Try this: get a usb thumb drive, 8gig should be plenty plug it in and then boot to your live cd and install to the thumb drive.
Save this and use it as a rescue device!
Reboot to your usb thumb drive and plug in your external HD and see if it auto mounts, you should also see the laptop HD as a file system.
Now if all is well you should be able to nav you way to your home folder on the laptop and copy it provided there is no corruption.
If you need to change any permissions to make your drives read it will only affect the thumb drive.
Now disconnect all usb devices and reinstall your distro to your laptop.
The rest should be easy.
I look forward to your feedback.

Rimbaum 11-15-2010 11:39 PM

It would seem that the partition wasn't what caused my problems.

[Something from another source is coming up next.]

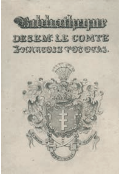
357. Ekslibris F. Potockiego. Po 1824.

I had a catastrophic hard drive failure. I tried to reinstall linux on there, and it will not boot at all without the live USB drive. The disk won't even spin up after the boot screen.

Thanks to everyone for your help. I think the only thing that would have saved any of my data would be if I had taken it in for professional data recovery, which would run me at $120+. Nothing on my hard drive is worth that much money. It just isn't.

avarus 11-16-2010 03:55 AM

Darn, sorry to hear it. That reminds me, I really must get Ubuntu One backups set up myself.

TIM

Linux_Revolution 11-16-2010 08:31 AM

Don't know if you'll look at this again. Does the BIOS see the HDD there? The distros I use for data recovery are Backtrack and Trinity Rescue. Both those have live boot editions and will tell you for sure if it is hardware or partition error.
Or if the HDD is easy to get out, connect it to a different computer via USB.

If it is hardware error: put the HDD into the freezer overnight, and run it as slave in another computer, or from a live distro. I have had this work for me twice. You have about 15-20 mins to get your data off.

deepakpchowdary 11-17-2010 06:09 AM

Backup
 
U can use puppy linux and mount ur drives.
Then migrate to the home partition and store it where ever u like.
That can be installed in USB drive.
Just try this:
google the distro Puppy linux
Install Puppy Linux (200MB max) on ur USB disk.
Boot the PC.
Run pup
home opens for pup.
If u know where the home of Ubuntu is situated, go there and copy to the USB drive or any other external drive.